Something seems to be stirring in this governance space, as Eskom and union blackouts are now increasingly inviting employers to close up shop, and foreign companies to cancel supply contracts with small SA suppliers.

It is the labour equivalent of Eskom. Catastrophic failure increasingly coming to a space near you. In a broader sense, it is encouraging strategic business restructuring (prudently seeking out more growth diversification abroad).

Also, some state-owned enterprises appear to be for the chop, with either deep board upheavals or the seeking of strategic partners, being the SA equivalent of socialism with Chinese characteristics (in our case known as partial or full privatization).

I don’t think too many SA corporates have overborrowed in dollars or are unhedged, given the notorious volatility of the rand supposedly serving as a deterrent against such ills.

But as in the 1990s, other countries may have such exposures. It then becomes a question of how fast the dollar rises before detonating such landscapes. And we are likely to feel the backwash. If so, it presumably couldn’t come soon enough for our struggling gold, platinum and iron ore producers. A much weaker rand against the dollar (though not necessarily on trade-weighted, as almost everyone bar the Americans and Swiss would be in the same boat?) would be manna from heaven for all of them.

It struck me over the weekend, reading yet another tirade, that we do have a remarkable President. In his time we have implemented not one but TWO economic plan visions without having the foundation for either, yet both led by Cape boikies.

What was that supposed to achieve, except paralysis? Another Eskom equivalent.

There was the New Growth Path of Ebrahim Patel, but without the experienced, trained high-skill cadres manning the public service to implement it, while rolling mass action among failing infrastructure and disruptive union strikes ensured the capitalists to take a distant view, spiking any new growth.
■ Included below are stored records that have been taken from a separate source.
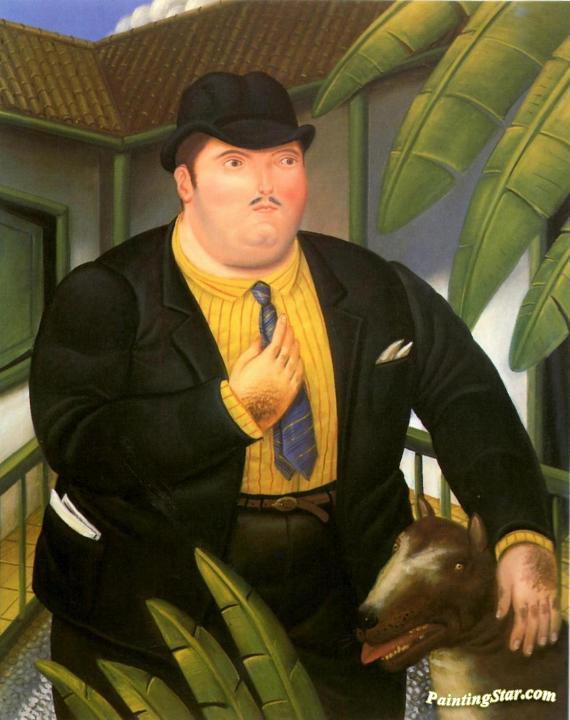 Man With Dog, Art Painting by Fernando Botero
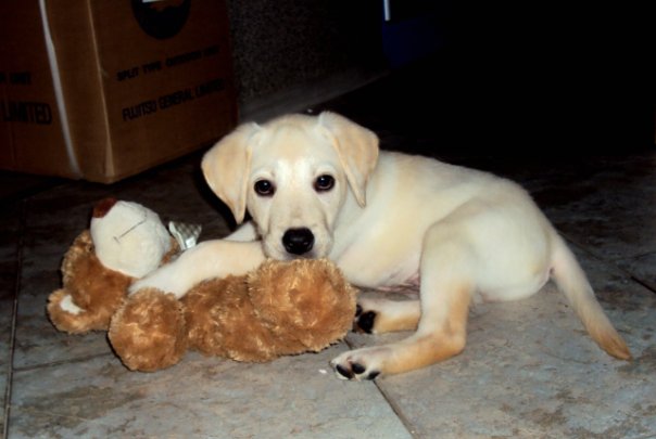| а у меня дома живёт мой лабродорчик))) его зовут Лаки,ему всего три месяца..
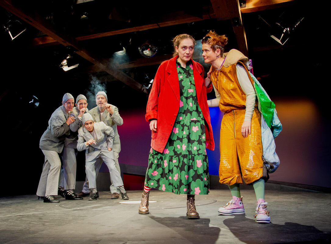 Die Grauen lauern. Im Vordergrund: Hannah Im Hof als Momo und Linda Schlepps als Kassiopeia.

There was the National Development Plan of Trevor Manuel, but without the education reform to give us high quality manpower, without infrastructure juice, and with a rudderless public sector also not inspiring business confidence, preventing both public investment and private investment taking off, and also failing to safeguard our trade competitiveness.

How about doing without any plans? Just getting on with it? Isn’t that what skinny dippers do, especially late at night when sufficiently intoxicated?

Which reminds me. Beer & wine stocks are running low this Xmas. That would never do. As so  much else.